In an updated complaint against the New Georgia Project, a voter registration group that Abrams founded, and an affiliated organization, the New Georgia Project Action Fund, commission staff say the groups raised $4 million and spent $3 million before the 2018 election and should have registered as a political committee and publicly disclosed the contributions and expenditures.
The commission staff says the groups hired canvassers, passed out literature, promoted Abrams’ candidacy and solicited contributions. If the commission finds the groups illegally failed to disclosure the contributions and expenditures, it could lead to the largest ethics fine in state history, based on the amounts involved.
But New Georgia Project lawyers have filed a response saying the nonprofits’ donations were not earmarked for political activity and were used for operating expenses for the groups. The canvassing, they said, was done as a subcontractor for a pro-Abrams political committee and not subject to disclosure by the New Georgia Project Action Fund.
Those expenditures were disclosed by the political committee that hired the New Georgia Project Action Fund, they added.
As nonprofits, the lawyers said, the primary purpose of the New Georgia Project and the New Georgia Project Action Fund is not influencing election outcomes and the groups are not required to file state paperwork to report contributions and expenditures, as a political action committee or independent committee is legally bound to do.
The groups’ lawyers also said most of the allegations were time-barred — the commission had taken too long to hear the case and the statute of limitations had run out on the allegations.
If so, that is partly due to a lengthy court battle between the commission and the groups over subpoenaed bank records.
“This was always a political fishing expedition,” Lauren Groh-Wargo, Abrams’ campaign manager, said in describing the long-running case last year.
The investigation began in 2019 after the commission hired David Emadi, an aggressive Douglas County prosecutor, to become the commission’s executive secretary. The Atlanta Journal-Constitution reported at the time that Emadi had been a Kemp donor. He quickly began issuing subpoenas seeking bank records and other documents from Abrams’ campaign and affiliated groups.
While Emadi was accused of partisanship, many of the questions he raised came out of campaign report audits that commission staffers did well before he took office. Staffers had accused the previous executive director of sitting on the findings.
The commission under Emadi quickly began looking into whether Abrams’ campaign illegally coordinated its efforts with nonprofits supporting her bid for governor. Georgia law prohibits independent groups from coordinating with candidates.
Abrams’ camp says it has provided thousands of documents to the commission and that the panel was seeking records that either didn’t exist or should have no bearing on its case.
One of the groups involved in the investigation, Gente4Abrams (People for Abrams), was fined $50,000 by the state ethics commission in 2020 for failing to report what it spent to help her win the Democratic primary in 2018.
Gente4Abrams (People for Abrams) spent $240,000 for canvassing, social media posts, and print and radio advertising to help Abrams win the primary but didn’t report what it spent or where it got the money to pay for those efforts, the commission said.

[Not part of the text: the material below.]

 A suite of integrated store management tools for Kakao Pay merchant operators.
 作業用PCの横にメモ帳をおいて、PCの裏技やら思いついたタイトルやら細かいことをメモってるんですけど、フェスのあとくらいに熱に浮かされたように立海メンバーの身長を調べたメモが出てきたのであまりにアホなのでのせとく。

The group later registered with the state and reported spending about $685,000 more to help the Democrat in her unsuccessful general election campaign against Kemp.
Since its inception in the early 1990s, politicians have griped about complaints being filed with the ethics commission — which regulates campaign finance laws — for partisan purposes. Many of the purely partisan election-year complaints wind up being dismissed by the commission or result in minor penalties, but they often get headlines.

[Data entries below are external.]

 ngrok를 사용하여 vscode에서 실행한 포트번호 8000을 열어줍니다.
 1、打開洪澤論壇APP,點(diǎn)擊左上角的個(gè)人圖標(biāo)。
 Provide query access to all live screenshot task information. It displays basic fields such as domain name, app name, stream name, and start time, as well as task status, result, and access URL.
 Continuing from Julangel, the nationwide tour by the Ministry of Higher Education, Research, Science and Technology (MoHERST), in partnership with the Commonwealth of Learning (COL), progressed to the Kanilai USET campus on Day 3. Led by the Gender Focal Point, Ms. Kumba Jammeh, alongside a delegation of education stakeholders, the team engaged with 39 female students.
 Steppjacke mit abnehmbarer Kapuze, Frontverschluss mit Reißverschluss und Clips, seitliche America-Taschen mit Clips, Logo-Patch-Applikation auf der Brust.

Members of the panel, and sometimes staff, are used to being criticized as partisans.
Kemp appointed a longtime donor to the commission in April. However, until recently, the commission also had a member who donated to Abrams’ campaigns.
Under state law, the governor appoints three members — only two of whom can be from his party — and Senate leaders and the House speaker get the other two appointments.
So in a state such as Georgia, where the governor and General Assembly leaders are all Republicans, one party is always going to dominate the appointments to the panel. The same was true in the 1990s and early 2000s, when Democrats ran the Statehouse.
At Monday’s hearing, the commission will decide whether there is probable cause to believe that the nonprofits violated campaign finance laws, the initial step in the process. If, following another hearing, the groups are found to have violated the law, the commission could impose a fine and require them to file as political entities and disclose what they raised and spent.